This nimble, sprawling comedy-drama traces the effects of a singular event across different strata in modern-day China. The cross-section of protagonists includes Old Wang (Haoyu Yang), an aging pig farmer whose entire pen of hogs dies suddenly from illness, which would be bad enough if he didn’t simultaneously bungle away his savings in a fraudulent investment scheme. Deep in debt to local gangsters, he turns for help to his sister, Candy (Vivian Wu), a moderately successful beautician and entrepreneur who still lives in the family’s home.
That house is the only one left standing on a swath of land that looks like a tornado has swept through it. All of Candy’s neighbors in the provincial town have already sold out to real estate developer Golden Happiness, which employs Sean (David Rysdahl), a white American expatriate. At press conferences for the project, Sean claims to be the main architect, although his work involves public speaking rather than building plans.
The other major story line involves the unlikely relationship between a reckless party girl, Xia Xia (Li Meng), and Zhen (Mason Lee), a mild-mannered busboy who finds and returns her lost cell phone. They’re from different worlds—she’s rich, he’s poor—but what brings them together is mutual loneliness: money can’t buy Xia Xia true friendship, while Zhen has been too busy working and sending his earnings home to enjoy living in Shanghai. The two don’t share much chemistry, making theirs perhaps the least involving of the subplots.
Dead Pigs was originally released in China in 2018, but is now getting a wider U.S. release, thanks to writer/director Cathy Yan’s helming of the 2020’s Birds of Prey: Harley Quinn. Both her features to date have similarities (fast pacing, occasional candy-neon-lit visuals, splashes of dark humor) and tough-looking female protagonists who turn out to be less standoffish than they originally seem. In addition, her films center on those at the high and low ends of society who meet, with world-changing ramifications. (If I liked Birds of Prey less than Dead Pigs, it’s entirely because of the former’s screenplay, which featured conventional plot points that it invested too much energy resolving.)
By comparison, Yan’s earlier movie is more freewheeling, not having a plot to propel it forward so much as principals who cross paths, clash, and tug the narrative this way and that. But at least they’re lively and compelling. For example, Wang is a self-centered, lazy, and irresponsible man/child, but his obsession with a virtual reality video game system leads to absurd moments, such as his having friends of the same age over to play violent shoot-’em-ups.
Candy and Xia Xia, meanwhile, run the risk of becoming too one-dimensional, but early on, Yan softens Candy’s curmudgeonly edges with the detail that she loves animals, especially her toy poodle. Suddenly, her quest to save her house from the wrecking ball has significance as her other pets, pigeons, depend on it—they’re trained to always fly back home, yet how will they do that if the house is destroyed? As for Xia Xia, she begins reconsidering her entourage, which coincides with her very swiftly putting a bullying rich kid in his place.

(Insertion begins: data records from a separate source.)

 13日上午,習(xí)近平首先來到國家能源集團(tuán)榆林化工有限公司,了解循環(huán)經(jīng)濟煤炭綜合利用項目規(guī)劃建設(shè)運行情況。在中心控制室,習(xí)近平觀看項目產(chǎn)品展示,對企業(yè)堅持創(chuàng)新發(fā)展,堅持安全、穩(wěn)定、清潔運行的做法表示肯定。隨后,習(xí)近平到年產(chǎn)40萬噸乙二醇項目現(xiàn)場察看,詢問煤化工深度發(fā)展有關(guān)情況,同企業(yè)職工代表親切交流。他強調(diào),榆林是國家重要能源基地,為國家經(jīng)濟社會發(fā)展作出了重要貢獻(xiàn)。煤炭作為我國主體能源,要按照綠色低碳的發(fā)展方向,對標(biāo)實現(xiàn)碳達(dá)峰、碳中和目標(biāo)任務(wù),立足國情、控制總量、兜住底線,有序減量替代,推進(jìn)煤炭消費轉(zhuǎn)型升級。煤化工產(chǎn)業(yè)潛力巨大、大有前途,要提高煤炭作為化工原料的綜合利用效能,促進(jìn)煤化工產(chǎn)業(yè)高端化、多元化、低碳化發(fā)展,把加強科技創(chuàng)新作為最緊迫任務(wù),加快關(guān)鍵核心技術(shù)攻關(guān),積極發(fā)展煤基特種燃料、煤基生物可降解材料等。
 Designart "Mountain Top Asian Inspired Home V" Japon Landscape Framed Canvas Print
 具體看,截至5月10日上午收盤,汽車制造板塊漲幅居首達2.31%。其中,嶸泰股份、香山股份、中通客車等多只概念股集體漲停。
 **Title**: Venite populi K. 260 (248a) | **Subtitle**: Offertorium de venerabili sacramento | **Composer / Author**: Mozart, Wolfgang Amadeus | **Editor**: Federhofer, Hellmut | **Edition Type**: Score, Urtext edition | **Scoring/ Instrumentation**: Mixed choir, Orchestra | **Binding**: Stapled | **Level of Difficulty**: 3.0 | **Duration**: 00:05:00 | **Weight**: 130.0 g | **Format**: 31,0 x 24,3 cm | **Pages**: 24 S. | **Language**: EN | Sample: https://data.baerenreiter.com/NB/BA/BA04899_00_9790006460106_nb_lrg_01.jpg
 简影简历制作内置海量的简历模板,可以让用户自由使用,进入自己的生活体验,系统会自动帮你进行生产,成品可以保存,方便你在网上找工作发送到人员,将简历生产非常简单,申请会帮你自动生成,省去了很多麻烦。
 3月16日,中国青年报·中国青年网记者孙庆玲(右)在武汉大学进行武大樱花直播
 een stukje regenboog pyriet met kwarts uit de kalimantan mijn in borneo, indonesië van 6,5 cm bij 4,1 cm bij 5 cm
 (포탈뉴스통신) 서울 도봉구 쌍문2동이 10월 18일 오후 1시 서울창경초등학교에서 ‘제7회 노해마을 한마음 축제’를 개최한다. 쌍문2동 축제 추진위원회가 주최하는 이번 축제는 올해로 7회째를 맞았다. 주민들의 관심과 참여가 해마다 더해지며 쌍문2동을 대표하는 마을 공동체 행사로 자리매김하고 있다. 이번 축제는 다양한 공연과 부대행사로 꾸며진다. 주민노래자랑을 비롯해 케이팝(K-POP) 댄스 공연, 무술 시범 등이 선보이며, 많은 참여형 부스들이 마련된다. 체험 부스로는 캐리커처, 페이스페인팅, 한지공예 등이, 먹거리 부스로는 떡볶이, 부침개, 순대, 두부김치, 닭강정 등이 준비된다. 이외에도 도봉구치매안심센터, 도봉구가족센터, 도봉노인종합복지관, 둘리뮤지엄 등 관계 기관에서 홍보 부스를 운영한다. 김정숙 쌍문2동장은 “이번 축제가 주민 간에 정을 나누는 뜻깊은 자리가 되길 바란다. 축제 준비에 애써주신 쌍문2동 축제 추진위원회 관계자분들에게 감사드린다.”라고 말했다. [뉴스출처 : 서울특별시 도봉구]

Zhen and Xia Xia may not send off sparks as a couple, but at least their respective story lines have involving moments—Zhen attempts to solve a financial predicament by literally throwing his own body into harm’s way. It’s all the more harrowing because it actually seems reasonable, given his lack of options.
Dead Pigs takes an important snapshot of mainland China at an important moment in time, when the nation is experiencing meteoric economic growth and unprecedented access to Western culture and fashion, which definitely have cachet among the young. But the obsession among the well-heeled with things from the West gets taken to satirical extremes—the aforementioned luxury apartment complex, for example, is built around a replica of a Barcelona’s Sagrada Familia. Sean is initially positioned as someone who has benefited from the situation—during one boardroom scene, he is paid what seems like outsized respect for pointing out the obvious—but as the film progresses, he becomes something of a tragic figure, increasingly objectified as just a friendly white face.
While the acting and Yan’s filmmaking verve make this entertaining viewing, it’s ultimately her screenplay’s bite that makes Dead Pigs memorable.